Quality management standards are not designed to pick up individual quality issues on a piece of equipment so in addition to its ISO 9001:2015 certification, Kwatani does extensive testing on its screens and its feeders and their individual components. “We do magnetic particle testing on our welds, for example, and we use third-party inspection personnel to independently verify the structural integrity of our systems. Each system is fully certified according to our quality certification programmes (QCPs) and even the paint specifications come with certificates,” Mayhew-Ridges notes.

“Every manufacturing and testing step is traceable back to the person responsible and every non-conformance and the procedure adopted to overcome it is drawn to the attention of senior management. This helps us to resolve issues quickly and, if systemic, we permanently adjust our processes to prevent reoccurrences,” he says.

“We will not give a process guarantee unless we believe the equipment we have supplied can do the job. We frequently find ourselves in competition with companies supplying, for example, a screen we believe to be inadequate for the job.

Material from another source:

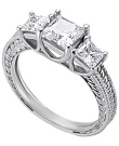 Platinum Three Stone Ring with Leaf Pattern Engraving (1 ct. tw.)

A larger and more robust unit that can reliably perform at the required higher G-force is likely to be more expensive, but at times cost-sensitive projects based solely on minimising capex will seldom take this into account.

“When looking at critical vibrating equipment such as screens and feeders, the total cost of ownership is what really matters and, as our history proves, our custom designs are much more efficient and cost-effective over the equipment lifetime than a cheaper off-the shelf, misfit,” Schoepflin concludes.